- Problem to solve:
Starting from the line that holds "刃の付け根が曲がった独特の形", output exactly each line through the end of the listing. Do not copy pictures.

┌──

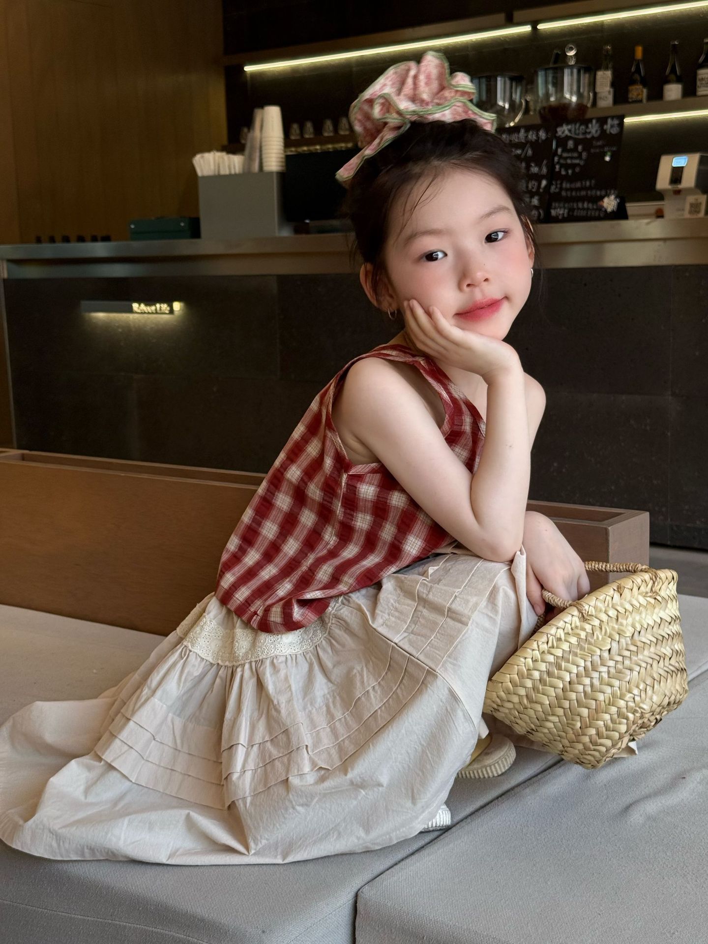 2025 여름 신작 한국 스타일 아동복 소녀 민소매 격자 무늬 조끼 아기 유행 격자 무늬 탑
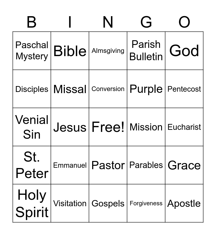 This bingo card has a free space and 49 words: Creed, Apostle, Scriptures, Gospels, Emmanuel, Abba, Bible, Community, Disciples, Holy Trinity, Missal, Parish Bulletin, Grace, Parables, Ten Commandments, Advent, Conversion, Mission, Monastery, God, Jesus, Forgiveness, Paschal Mystery, Purple, Green, Pentecost, Holy Spirit, Pope, Pastor, St. Peter, Sacramental, Rosary Beads, Crucifix, Annunciation, Visitation, Mary, Epiphany, Bethlehem, Eucharist, Baptism, Chrism, Communion, Epistles, Mortal Sin, Venial Sin, Almsgiving, Vocation, Intercession and Confirmation.
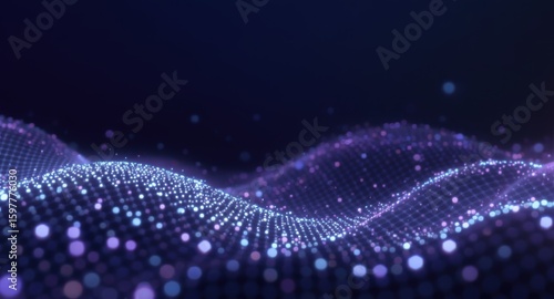 Abstract Purple and Blue Glowing Particle Wave on Dark Background
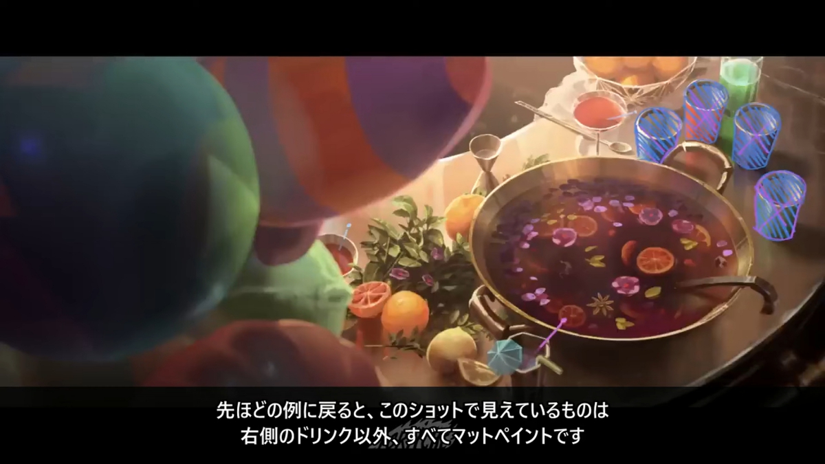 キャラクターが触る複数のグラス部分(画像右上)以外は、すべてマットペイントで制作されている(画像はYouTube動画のスクリーンショット)
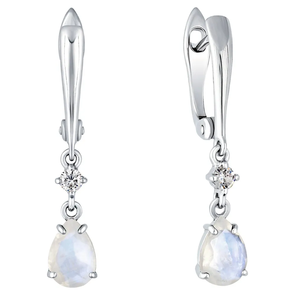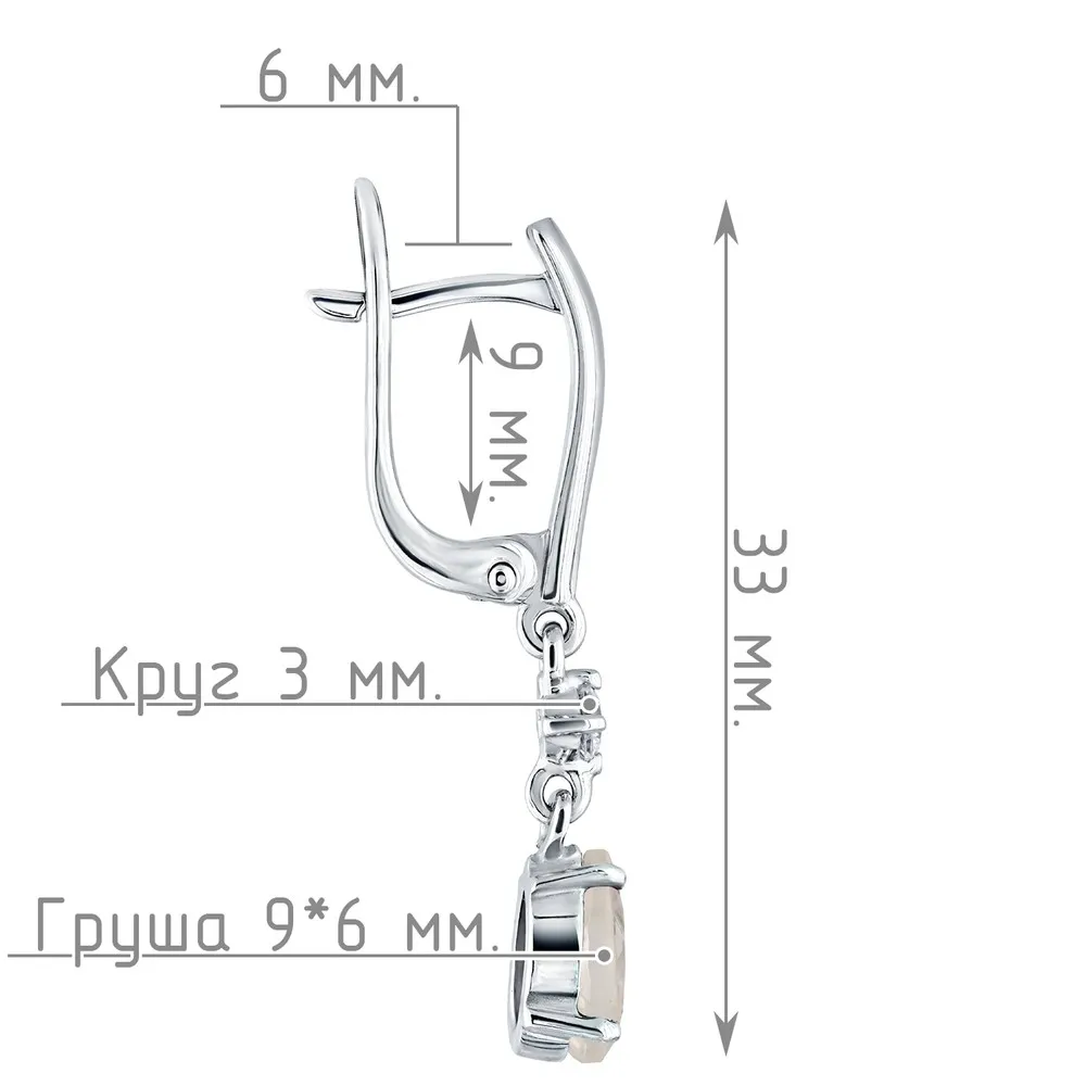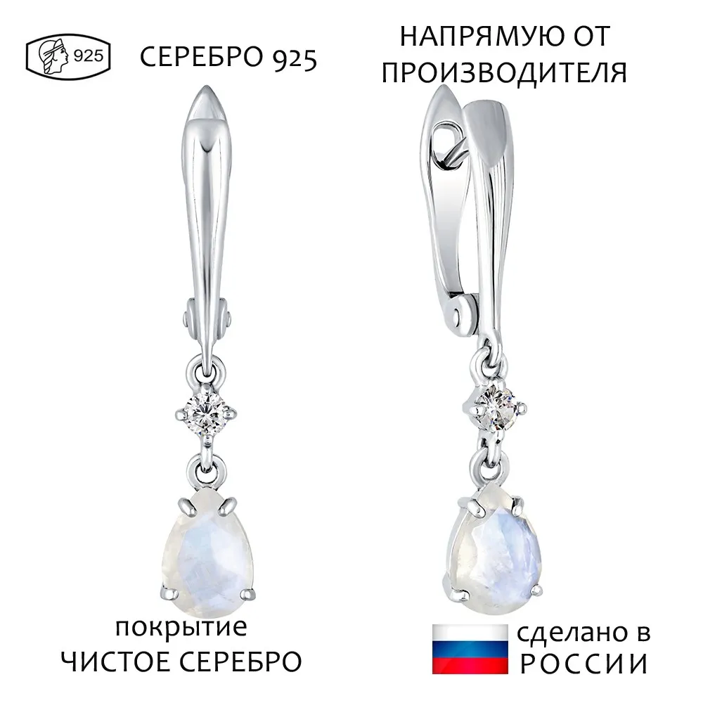 Серебряные серьги с натуральным лунным камнем - коллекция Алсу (большая) / Чистое Серебро.
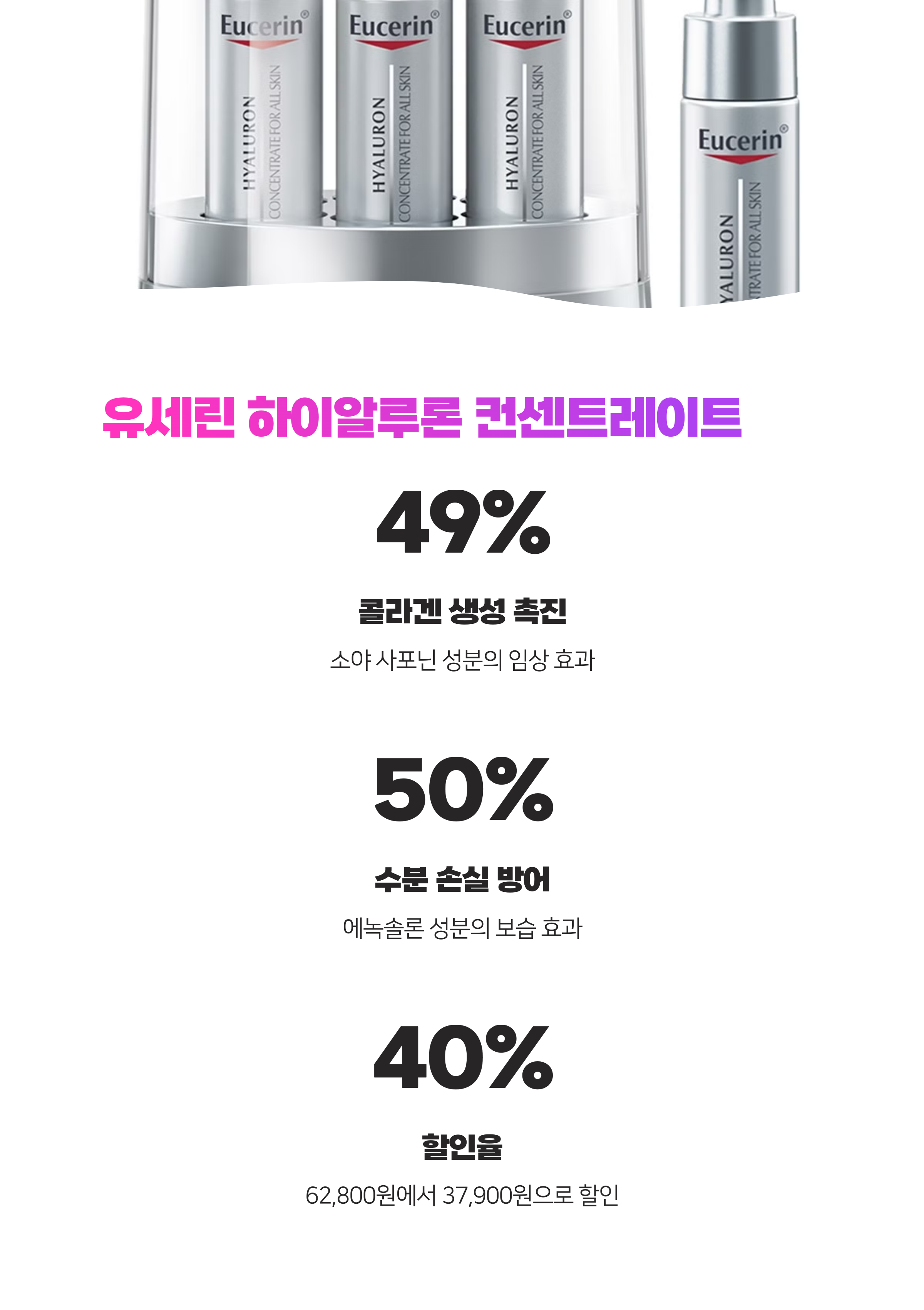 유세린 하이알루론 컨센트레이트는 히알루론산을 고농축으로 담아 깊은 주름까지 채워주는 제품입니다. 고분자와 저분자 히알루론산이 동시에 작용해 보습과 탄력 강화 효과를 제공합니다.
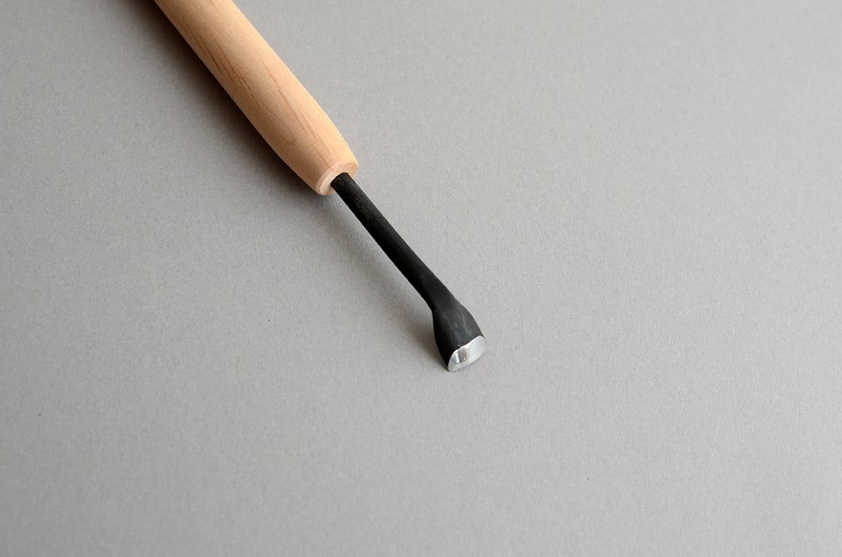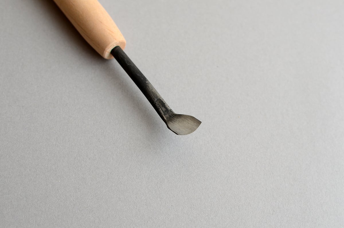 刃の付け根が曲がった独特の形状が、スプーンの掬う部分のような、小さく深いくぼみを彫るのにフィットします。手首への負担も少なく、効率よく作業を進めることができます。
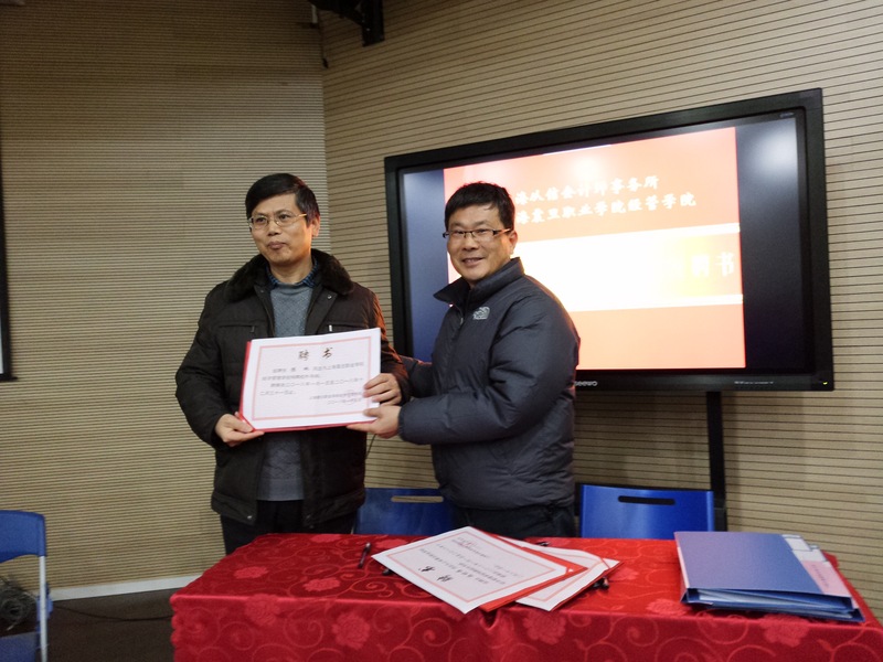 经济管理学院院长胡守忠教授代表学院与三家企业签订校企合作协议、颁发聘书并揭牌。
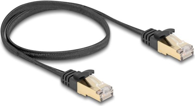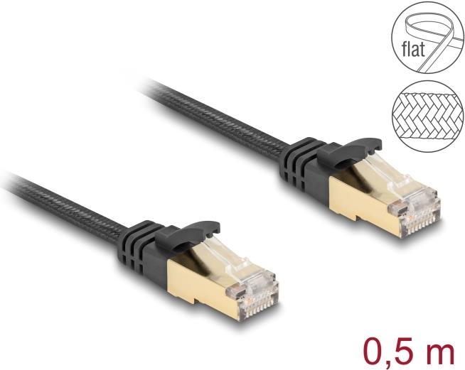 Delock RJ45 Flachband Netzwerkkabel mit Geflechtmantel Cat.6A S/FTP Stecker zu Stecker 0,5 m schwarz (80324)

└──

- Worked solution:
 刃の付け根が曲がった独特の形状が、スプーンの掬う部分のような、小さく深いくぼみを彫るのにフィットします。手首への負担も少なく、効率よく作業を進めることができます。
 经济管理学院院长胡守忠教授代表学院与三家企业签订校企合作协议、颁发聘书并揭牌。
 Delock RJ45 Flachband Netzwerkkabel mit Geflechtmantel Cat.6A S/FTP Stecker zu Stecker 0,5 m schwarz (80324)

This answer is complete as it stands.